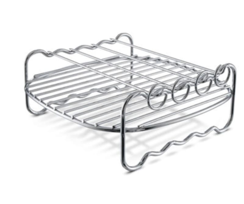Prepara brochetas de pollo o de verduras con este juego de rejillas que contiene cinco brochetas en la parte superior. Las rejillas añaden versatilidad a la freidora de aire, te da opciones de cocinar dos preparaciones a la vez, porque maximizan la superficie de cocción. Estos accesorios son aptos para la lavadora de platos para una fácil limpieza.
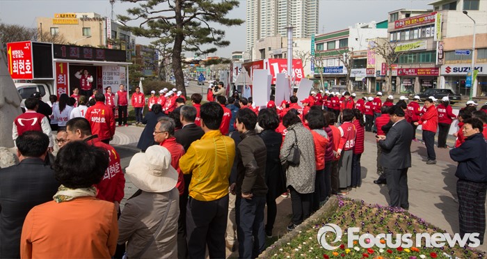 (청주=포커스뉴스) 20대 국회의원 선거유세가 시작된 31일 오전 충북 청주시 사직동 분수대 앞에서 새누리당 후보자들이 출정식을 갖고 필승을 다짐하고 있다.
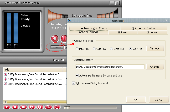 Click “Option” to set the format, hot key and other functions of the recording file.
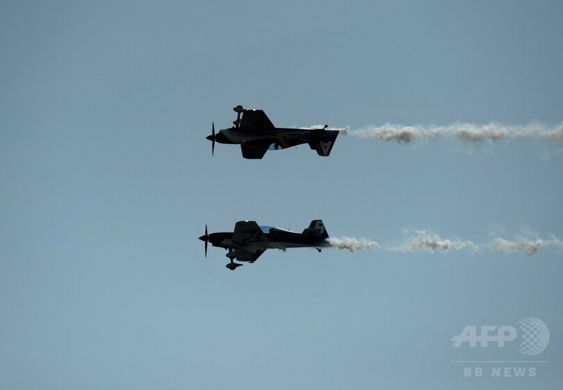 【6月8日 AFP】チェコ・パルドゥビツェ(Pardubice)の空港で7日、今年で25回目を迎える毎年恒例の航空ショーが開催され、同国のアクロバットチーム「フライングブルズ(Flying Bulls)」などが展示飛行を披露した。(c)AFP
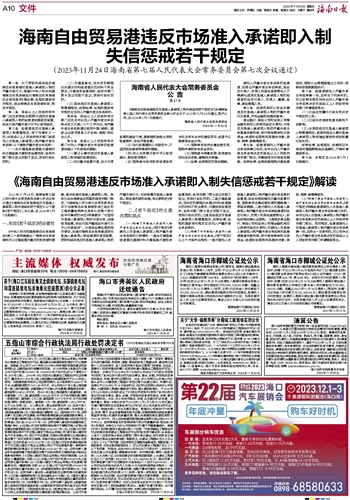 海南自由贸易港违反市场准入承诺即入制失信惩戒若干规定
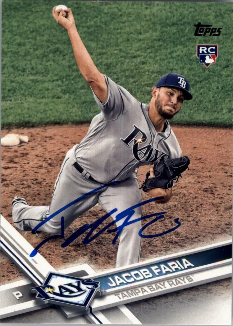 Authentic Topps baseball card featuring Jacob Faria of the Tampa Bay Rays, signed boldly in blue Sharpie. A great addition for Rays fans and autograph collectors. Your purchase supports Signatures For Soldiers in helping homeless and disabled veterans.
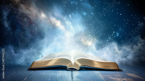 A book is open to a page with a blue background and a lot of white stars. The book appears to be a fantasy novel, as the stars and the blue background create a sense of wonder and magic
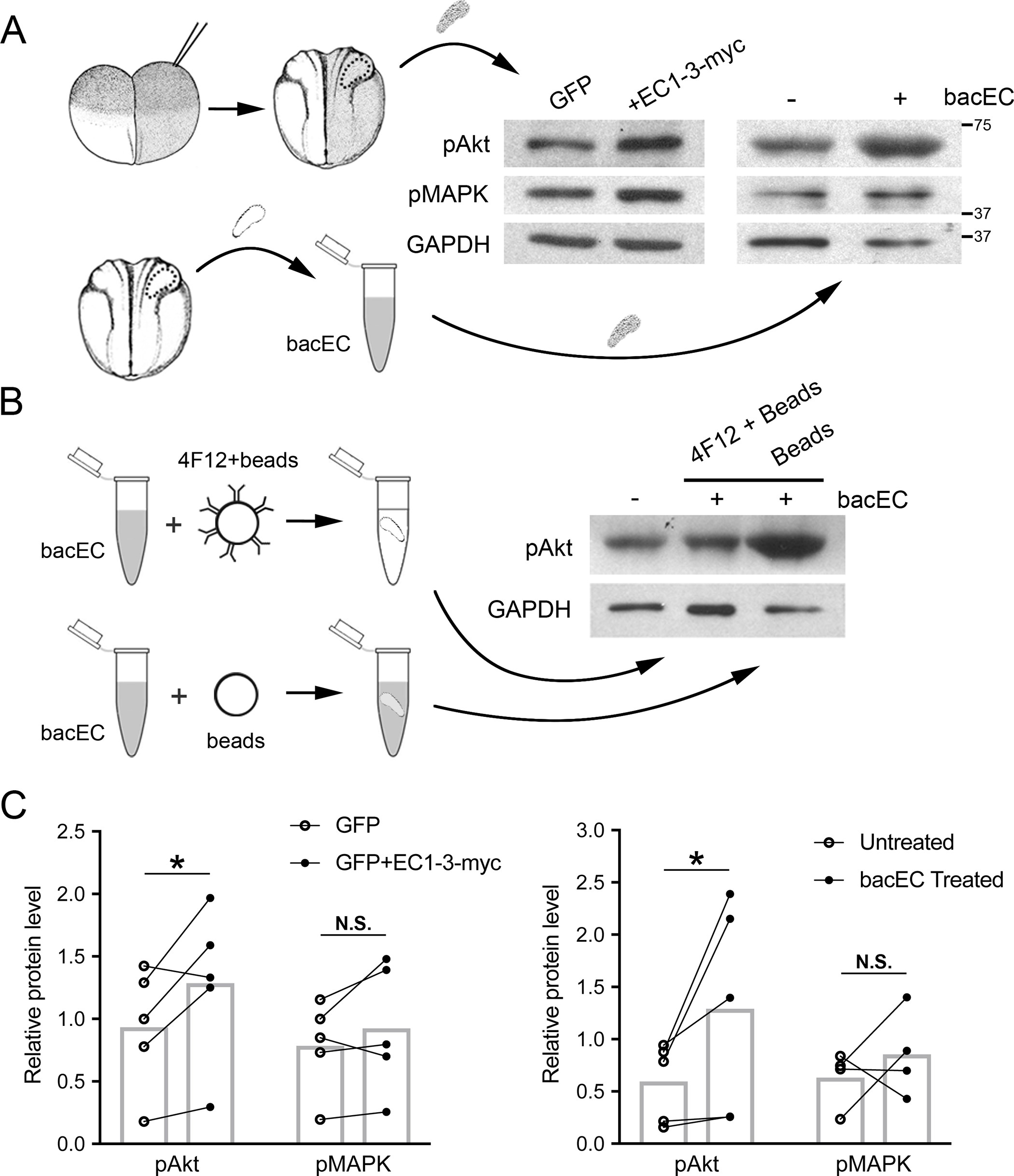 Fig 1. Overexpression of EC1-3-myc and treatment with recombinant EC1-3 increases Akt phosphorylation. (A, upper) Injections of 200 pg mRNA for UGP alone or together with 800 pg of EC1-3-myc mRNA were performed on single blastomeres of 2-cell X.laevis embryos. CNC expressing UGP were dissected at neurula stages, lysed and analyzed for phospho-Akt (pAkt), phospho-MAPK (pMAPK) and GAPDH via western blot. (A, lower) Non-injected CNC were dissected and treated for 5 minutes with 10 ng/mL of recombinant EC1-3 (bacEC) before being processed as above. (B) As a control, bacEC was depleted from treatment solution using a specific bacEC antibody conjugated to agarose beads and then applied to CNC. Lysates were then analyzed as above. Immunodepletion using unconjugated beads was used as a control. (C) Significant increases in phospho-Akt were observed in CNC overexpressing EC1-3-myc (N = 5, p = 0.013) and those treated with bacEC (N = 5, p = 0.021). There were not significant (N.S.) increases in the phosphorylation of MAPK in CNC overexpressing EC1-3-myc (N = 5, p = 0.09), nor those treated with bacEC (N = 5, p = 0.178). GAPDH was used as a loading control for western blots and normalizer for calculation of phospho-Akt and phospho-MAPK. Error bars are one standard deviation to the mean. One-tailed, Studentâs t-tests were performed to determine statistical significance. * p<0.05. N, number of experiments. https://doi.org/10.1371/journal.pone.0188963.g001 |
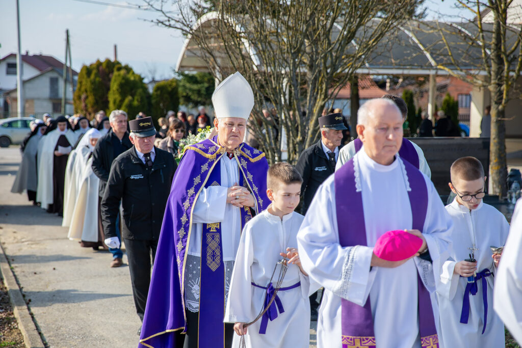 Osvrnuvši se na pročitano evanđelje, ulomak o Lazarovu uskrsnuću, istaknuo je Isusovu blizinu i suosjećanje jer „Isus je zaplakao…“, kao znak prijateljstva prema čovjeku i poruku da smrt nema posljednju riječ. Podsjetio je da su neki, unatoč tom znaku, ostali zatvoreni za vjeru, jer postoje i oni koji ne mogu podnijeti svjedočanstvo života koji upućuje na Boga. „Mi živimo u svijetu koji je s jedne strane Božji, a s druge strane bori se protiv Boga. Zato smo pozvani da u takvom svijetu budemo znak Božji, znak Kristov“, poručio je biskup.
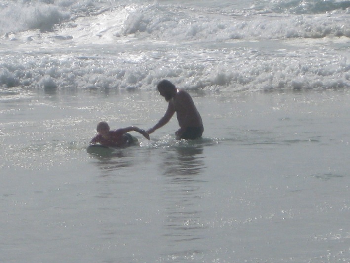 I stepped out of the water and grabbed the camera so, I could capture Hope’s moment of surfing. In watching him help her, I dropped to the ground in tears. I cried harder than I’ve cried in a long time. What a beautiful moment. I will never forget the way I felt right then. I could not even begin to thank God enough or even have the right words to describe the way I felt. How could I ever have even thought I needed to bring someone for protection or think that just because he didn’t “have it all together” that I needed to be careful? And who am I to even judge whether he has it all together or not? I am absolutely not even one bit closer to having it together than anyone else in this world.
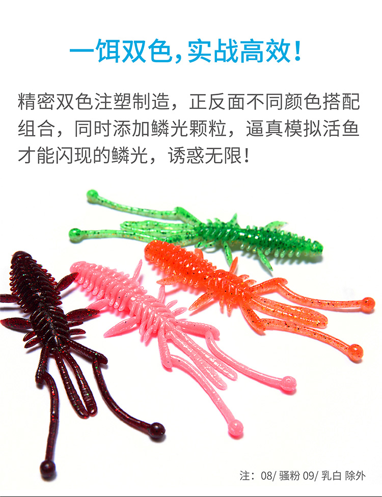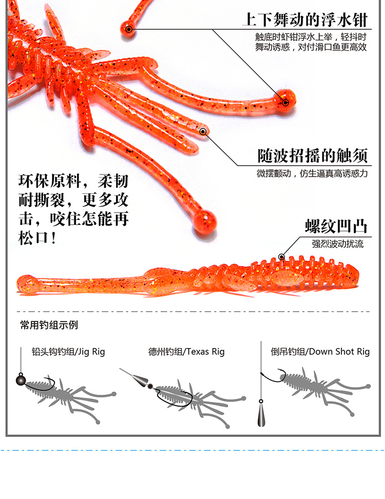 蓝旗鱼路亚饵浮水虾软饵黑坑内德野钓水库溪流铅头钩配饵浮水万虫
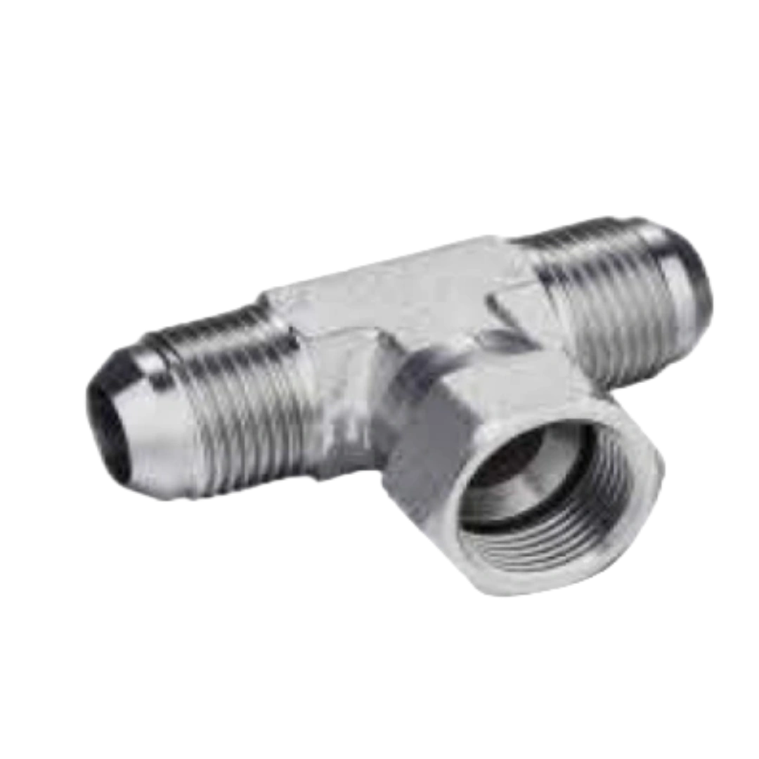 A branching tee fitting that accepts male JIC flare connections with a female JIC branch port.
+===+
Task to complete: Aside from its pictures, the listing must be given again in full, exactly as it appears.

Response:
Prepara brochetas de pollo o de verduras con este juego de rejillas que contiene cinco brochetas en la parte superior. Las rejillas añaden versatilidad a la freidora de aire, te da opciones de cocinar dos preparaciones a la vez, porque maximizan la superficie de cocción. Estos accesorios son aptos para la lavadora de platos para una fácil limpieza.
 (청주=포커스뉴스) 20대 국회의원 선거유세가 시작된 31일 오전 충북 청주시 사직동 분수대 앞에서 새누리당 후보자들이 출정식을 갖고 필승을 다짐하고 있다.
 Click “Option” to set the format, hot key and other functions of the recording file.
 【6月8日 AFP】チェコ・パルドゥビツェ(Pardubice)の空港で7日、今年で25回目を迎える毎年恒例の航空ショーが開催され、同国のアクロバットチーム「フライングブルズ(Flying Bulls)」などが展示飛行を披露した。(c)AFP
 海南自由贸易港违反市场准入承诺即入制失信惩戒若干规定
 Authentic Topps baseball card featuring Jacob Faria of the Tampa Bay Rays, signed boldly in blue Sharpie. A great addition for Rays fans and autograph collectors. Your purchase supports Signatures For Soldiers in helping homeless and disabled veterans.
 A book is open to a page with a blue background and a lot of white stars. The book appears to be a fantasy novel, as the stars and the blue background create a sense of wonder and magic
 Fig 1. Overexpression of EC1-3-myc and treatment with recombinant EC1-3 increases Akt phosphorylation. (A, upper) Injections of 200 pg mRNA for UGP alone or together with 800 pg of EC1-3-myc mRNA were performed on single blastomeres of 2-cell X.laevis embryos. CNC expressing UGP were dissected at neurula stages, lysed and analyzed for phospho-Akt (pAkt), phospho-MAPK (pMAPK) and GAPDH via western blot. (A, lower) Non-injected CNC were dissected and treated for 5 minutes with 10 ng/mL of recombinant EC1-3 (bacEC) before being processed as above. (B) As a control, bacEC was depleted from treatment solution using a specific bacEC antibody conjugated to agarose beads and then applied to CNC. Lysates were then analyzed as above. Immunodepletion using unconjugated beads was used as a control. (C) Significant increases in phospho-Akt were observed in CNC overexpressing EC1-3-myc (N = 5, p = 0.013) and those treated with bacEC (N = 5, p = 0.021). There were not significant (N.S.) increases in the phosphorylation of MAPK in CNC overexpressing EC1-3-myc (N = 5, p = 0.09), nor those treated with bacEC (N = 5, p = 0.178). GAPDH was used as a loading control for western blots and normalizer for calculation of phospho-Akt and phospho-MAPK. Error bars are one standard deviation to the mean. One-tailed, Studentâs t-tests were performed to determine statistical significance. * p<0.05. N, number of experiments. https://doi.org/10.1371/journal.pone.0188963.g001 |
 Osvrnuvši se na pročitano evanđelje, ulomak o Lazarovu uskrsnuću, istaknuo je Isusovu blizinu i suosjećanje jer „Isus je zaplakao…“, kao znak prijateljstva prema čovjeku i poruku da smrt nema posljednju riječ. Podsjetio je da su neki, unatoč tom znaku, ostali zatvoreni za vjeru, jer postoje i oni koji ne mogu podnijeti svjedočanstvo života koji upućuje na Boga. „Mi živimo u svijetu koji je s jedne strane Božji, a s druge strane bori se protiv Boga. Zato smo pozvani da u takvom svijetu budemo znak Božji, znak Kristov“, poručio je biskup.
 I stepped out of the water and grabbed the camera so, I could capture Hope’s moment of surfing. In watching him help her, I dropped to the ground in tears. I cried harder than I’ve cried in a long time. What a beautiful moment. I will never forget the way I felt right then. I could not even begin to thank God enough or even have the right words to describe the way I felt. How could I ever have even thought I needed to bring someone for protection or think that just because he didn’t “have it all together” that I needed to be careful? And who am I to even judge whether he has it all together or not? I am absolutely not even one bit closer to having it together than anyone else in this world.
 蓝旗鱼路亚饵浮水虾软饵黑坑内德野钓水库溪流铅头钩配饵浮水万虫
 A branching tee fitting that accepts male JIC flare connections with a female JIC branch port.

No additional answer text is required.